Exercise details: The result should be an exact copy of the data, free of pictures.

Given material:
-- Opening Marker --

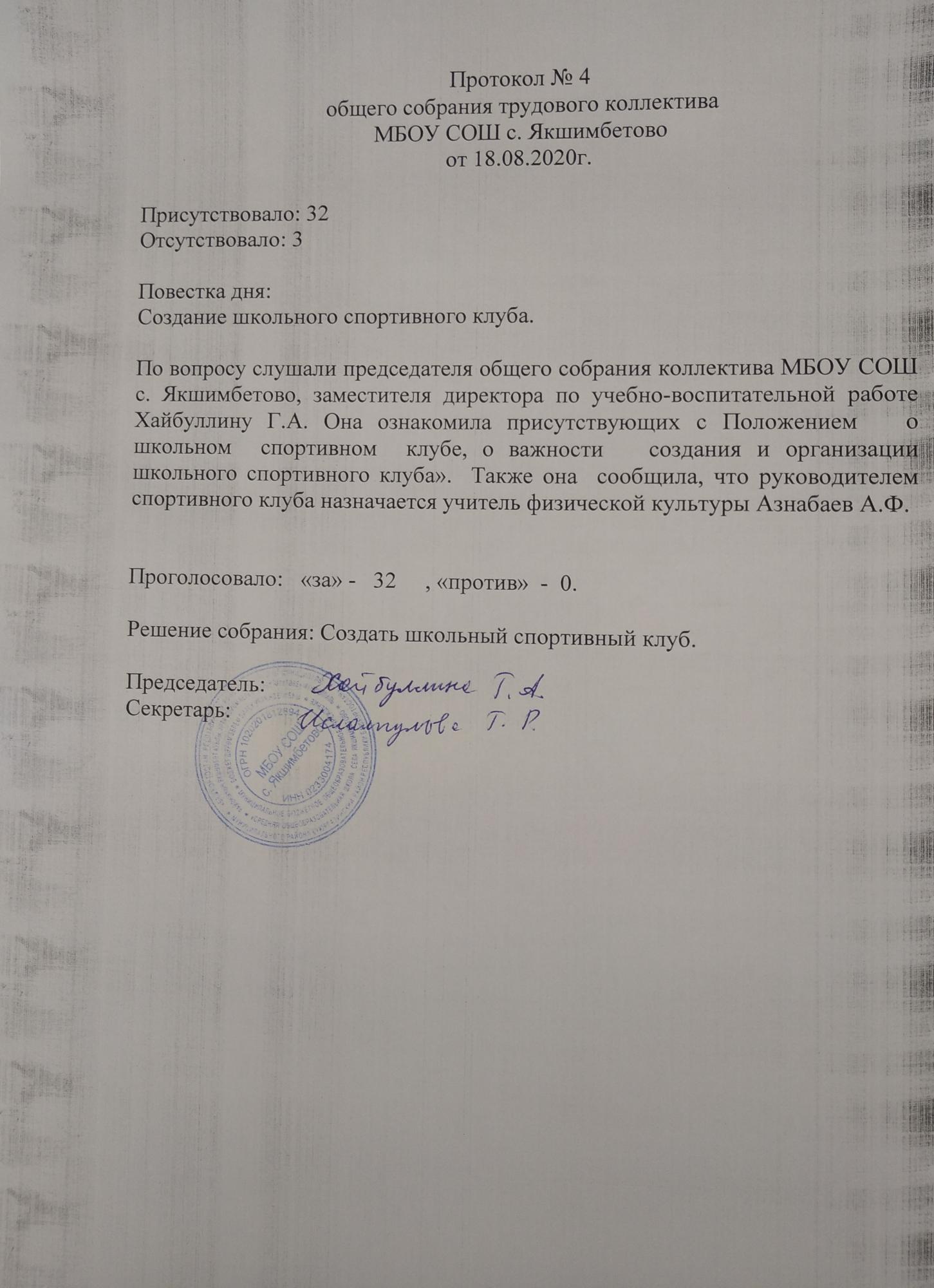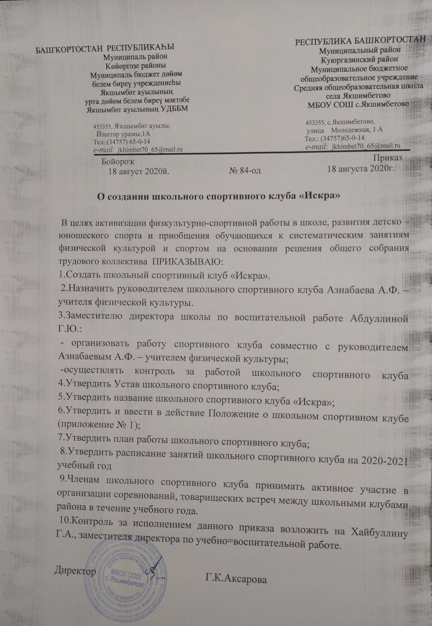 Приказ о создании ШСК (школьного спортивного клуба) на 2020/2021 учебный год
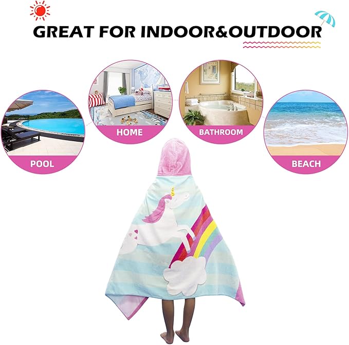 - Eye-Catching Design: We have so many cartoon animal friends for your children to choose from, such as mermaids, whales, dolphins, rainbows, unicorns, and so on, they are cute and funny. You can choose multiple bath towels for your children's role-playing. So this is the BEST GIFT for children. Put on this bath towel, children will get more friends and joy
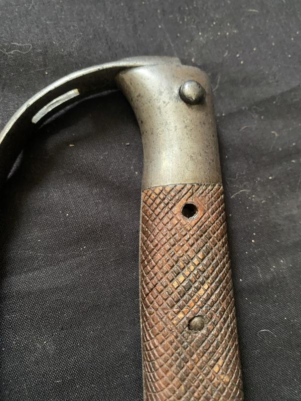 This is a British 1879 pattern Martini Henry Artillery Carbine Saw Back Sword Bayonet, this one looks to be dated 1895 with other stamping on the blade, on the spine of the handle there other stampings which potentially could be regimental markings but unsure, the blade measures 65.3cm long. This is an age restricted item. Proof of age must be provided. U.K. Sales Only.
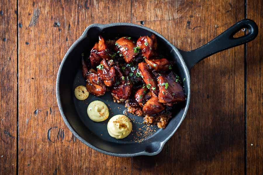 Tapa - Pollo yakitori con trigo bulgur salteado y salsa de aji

-- Closing Marker --

Answer:
 Приказ о создании ШСК (школьного спортивного клуба) на 2020/2021 учебный год
 - Eye-Catching Design: We have so many cartoon animal friends for your children to choose from, such as mermaids, whales, dolphins, rainbows, unicorns, and so on, they are cute and funny. You can choose multiple bath towels for your children's role-playing. So this is the BEST GIFT for children. Put on this bath towel, children will get more friends and joy
 This is a British 1879 pattern Martini Henry Artillery Carbine Saw Back Sword Bayonet, this one looks to be dated 1895 with other stamping on the blade, on the spine of the handle there other stampings which potentially could be regimental markings but unsure, the blade measures 65.3cm long. This is an age restricted item. Proof of age must be provided. U.K. Sales Only.
 Tapa - Pollo yakitori con trigo bulgur salteado y salsa de aji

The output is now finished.